Independent of the audit by the VA is an investigation into the scandal by Griffin, the acting inspector general, who said Monday that his staff is investigating 69 VA medical facilities across the country.

The VA audit released Monday revealed that there was at least some level of manipulated scheduling at three of every four agency medical facilities -- whether a hospital or a clinic. Unofficial lists of veterans whose care was delayed were kept at 70% of medical facilities, the audit found.

A key problem that surfaced at the VA hospital in Phoenix, where the scandal first erupted when a retired doctor raised red flags, were allegations of "secret lists" of hundreds of veterans who could not be seen by a doctor because none were available.

The audit found instances in which appointment records were altered at 90 VA outpatient clinics. At 24 sites, staffers said "they felt threatened or coerced to enter" false appointment dates by superiors.

Staffers at 14 facilities said they were punished for not manipulating appointment records. "A number of respondents presented detailed descriptions or instructions from supervisors to change or alter date," the report said.

Staffers described "a numbers-driven system with unrealistic performance measures as having created a highly stressful work environment that limits the focus on serving the veteran," according to the report.

In a statement Monday, the VA said "where appropriate, (it) will initiate the process of removing senior leaders."

"VA's first goal is to get veterans off wait lists and into clinics," the agency said. Officials said they intend to do this by temporarily expanding services at certain clinics, sending more veterans to private clinics at VA expense and employing mobile medical units.

The VA said it will cost an estimated $300 million in the next two to three months to pay for non-VA care for those veterans who can't be seen quickly enough at a department hospital or clinic.

An initial audit report that Shinseki provided President Obama along with an offer to resign on May 30 — an offer the president accepted the same day — described a health system with a "systemic lack of integrity."

Concerned that hospital officials were orchestrating the cover-up of delays to make their performance reviews look better — reports upon which salary increases and bonuses are based — Shinseki in one of his final actions removed wait-time standards from the personnel review process.

The early version of the VA audit concluded that the 14-day goal was too ambitious and unattainable given the insufficient number of doctors available to treat a population of aging veterans along with thousands from the Iraq and Afghanistan wars who have a complex set of injuries, wounds and behavioral health problems.

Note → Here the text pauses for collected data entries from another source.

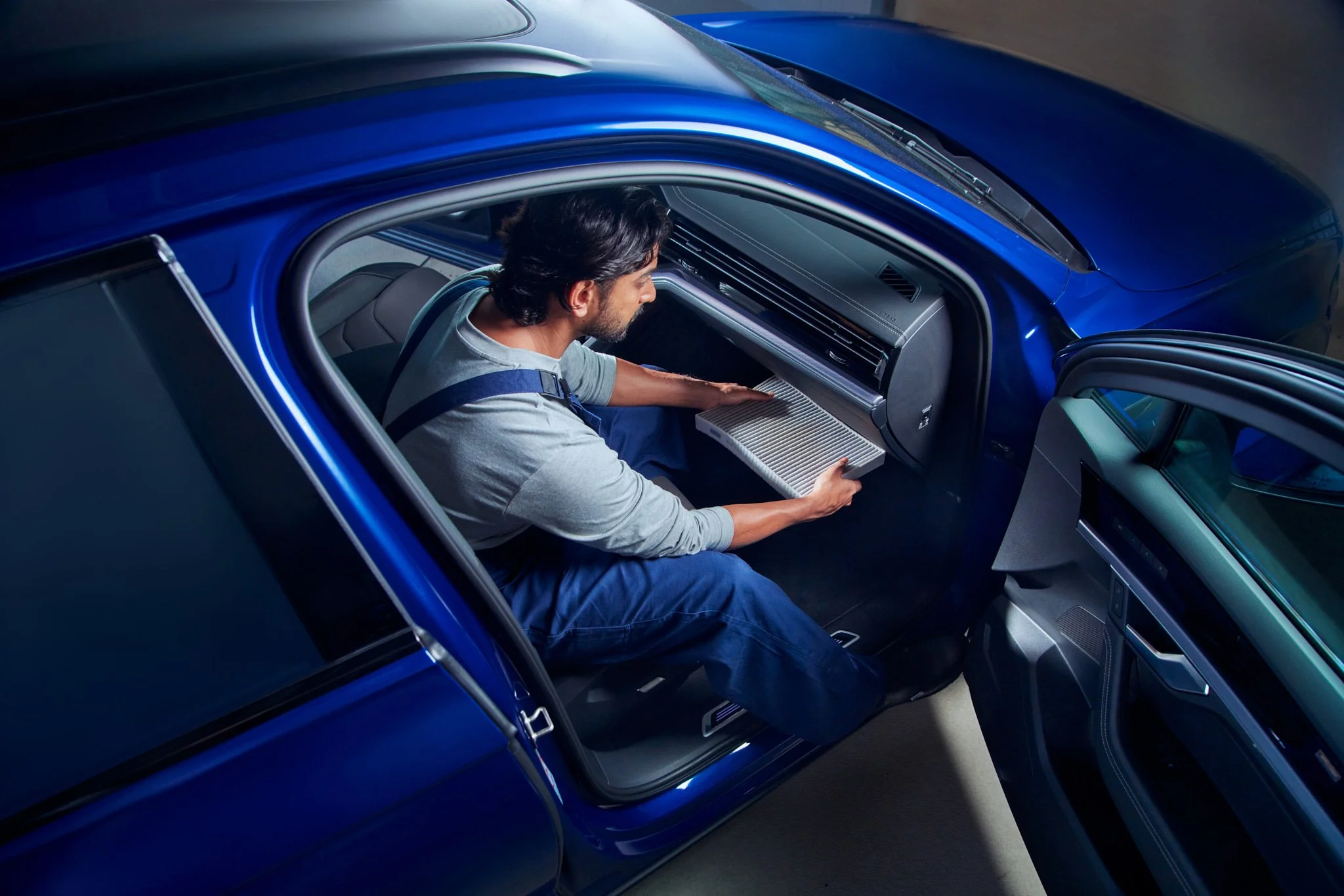 A man sitting inside a blue car, installing or inspecting an air filter with the car door open.
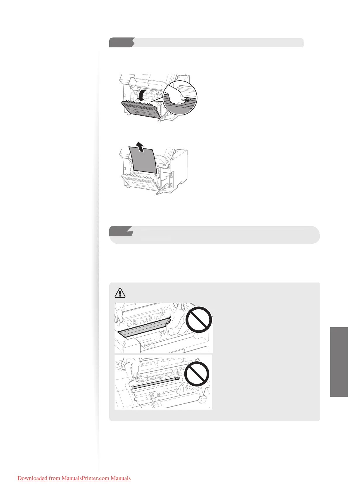 Check and remove the jammed paper in the rear cover.
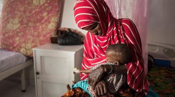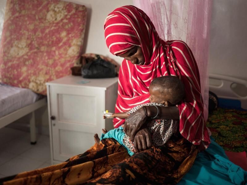 Eine Frau mit ihrer neun Monate alten Tochter im Krankenhaus in Garowe im Norden Somalias. Die 28-Jährige brachte das unterernährte Kind auf einer sieben Stunden langen Fahrt mit dem Lastwagen zur Behandlung. Foto: Anna Mayumi Kerber

A VA system of 150 hospitals and 820 outpatient clinics treats about 6 million veterans each year and has 9 million enrolled as patients. While the nation's total population of veterans is declining — as the massive World War II and Korean War generations pass away — an aging population coupled with the influx of new veterans from the most recent wars has led to steady increases in outpatient appointments to nearly 85 million a year.